• _EXERCISE_
Everything from the line holding "مهر تایید بر اجرای طرح بهشت آباد" through the final line of the records is to be transcribed exactly, except pictures, and nothing beyond that.

━━━━━━━━━━━━━━━━━━━━

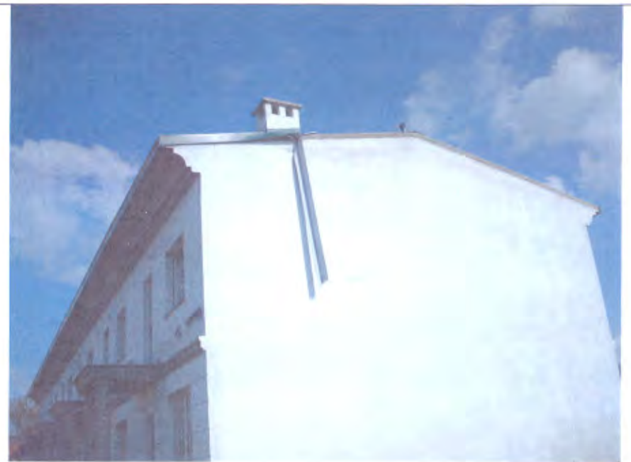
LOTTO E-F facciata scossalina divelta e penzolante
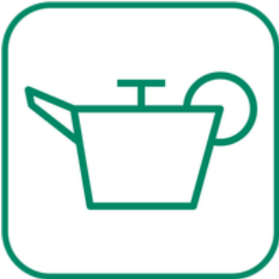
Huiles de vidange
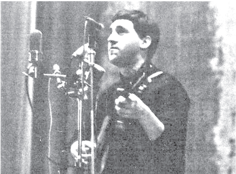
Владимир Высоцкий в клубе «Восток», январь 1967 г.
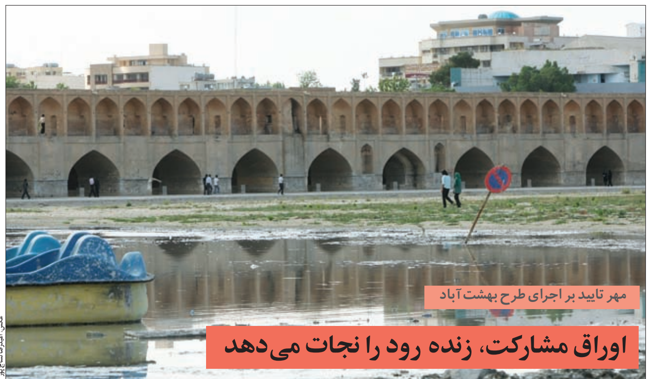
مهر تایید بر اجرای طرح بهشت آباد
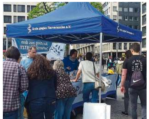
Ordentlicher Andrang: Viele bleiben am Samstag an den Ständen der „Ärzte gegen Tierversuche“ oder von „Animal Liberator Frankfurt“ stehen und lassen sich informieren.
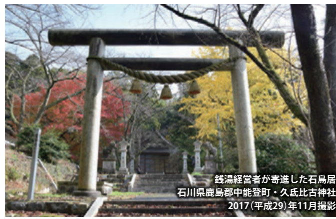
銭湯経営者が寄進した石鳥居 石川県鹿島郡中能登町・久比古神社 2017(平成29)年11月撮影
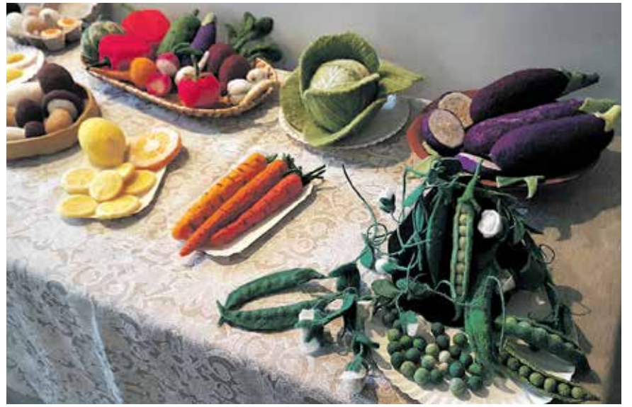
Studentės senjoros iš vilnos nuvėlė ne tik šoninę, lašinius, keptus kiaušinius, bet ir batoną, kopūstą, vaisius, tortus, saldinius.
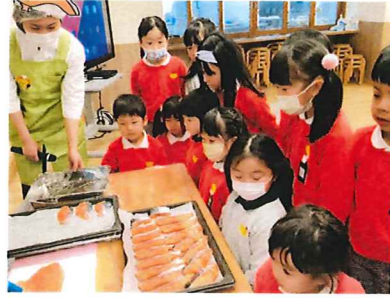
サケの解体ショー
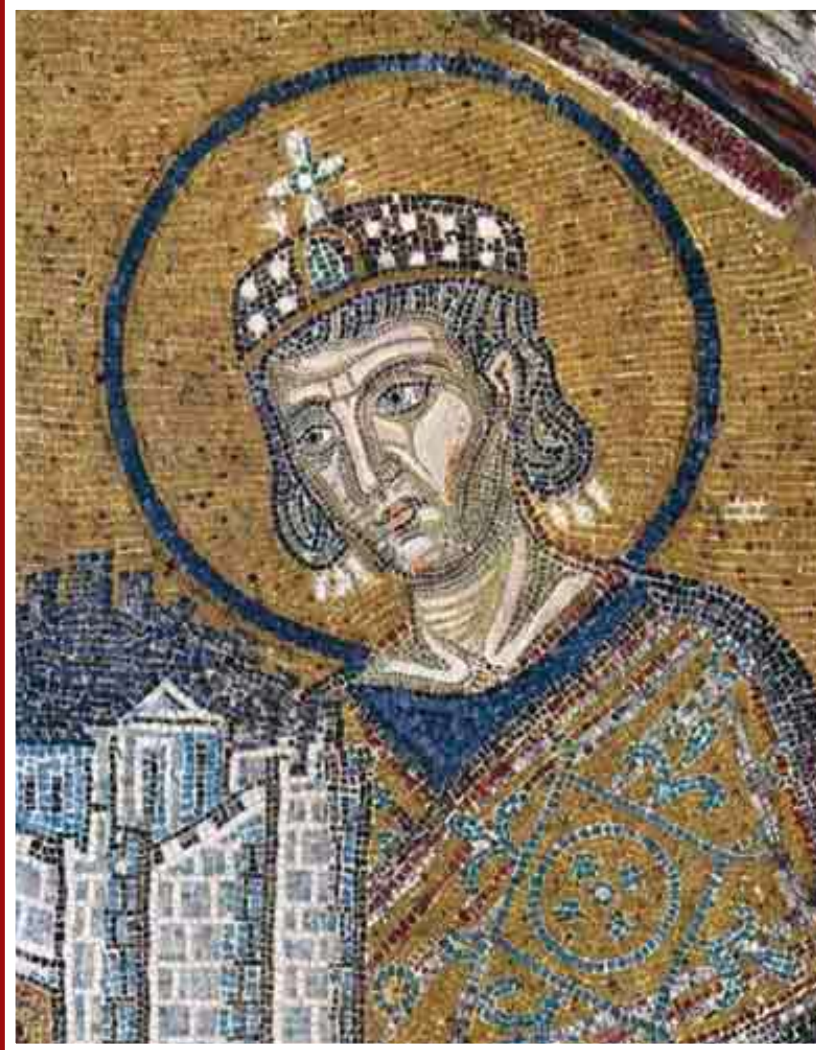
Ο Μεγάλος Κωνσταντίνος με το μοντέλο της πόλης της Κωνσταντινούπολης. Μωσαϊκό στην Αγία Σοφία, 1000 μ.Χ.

━━━━━━━━━━━━━━━━━━━━

• _ANSWER AREA_
مهر تایید بر اجرای طرح بهشت آباد
Ordentlicher Andrang: Viele bleiben am Samstag an den Ständen der „Ärzte gegen Tierversuche“ oder von „Animal Liberator Frankfurt“ stehen und lassen sich informieren.
銭湯経営者が寄進した石鳥居 石川県鹿島郡中能登町・久比古神社 2017(平成29)年11月撮影
Studentės senjoros iš vilnos nuvėlė ne tik šoninę, lašinius, keptus kiaušinius, bet ir batoną, kopūstą, vaisius, tortus, saldinius.
サケの解体ショー
Ο Μεγάλος Κωνσταντίνος με το μοντέλο της πόλης της Κωνσταντινούπολης. Μωσαϊκό στην Αγία Σοφία, 1000 μ.Χ.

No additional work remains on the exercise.